**Data**

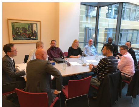
Verhandlungskommission des dbb

Wir haben drei weitere Verhandlungsrunden bis zum Jahresende vereinbart.
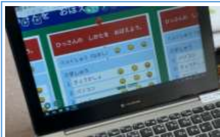
【写真1】1週間の指導計画から本時の見通しを確認している場面
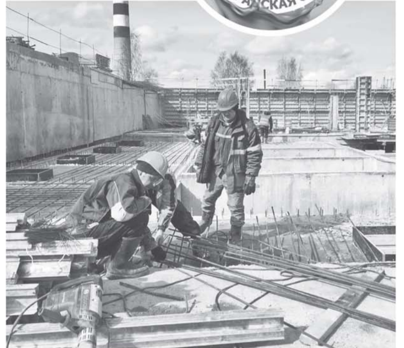
Реконструкция канализационных очистных сооружений в Подпоржье

**Your task**
Without any of its pictures, the listing is to be repeated exactly as it stands.

**The answer**
Verhandlungskommission des dbb

Wir haben drei weitere Verhandlungsrunden bis zum Jahresende vereinbart.
【写真1】1週間の指導計画から本時の見通しを確認している場面
Реконструкция канализационных очистных сооружений в Подпоржье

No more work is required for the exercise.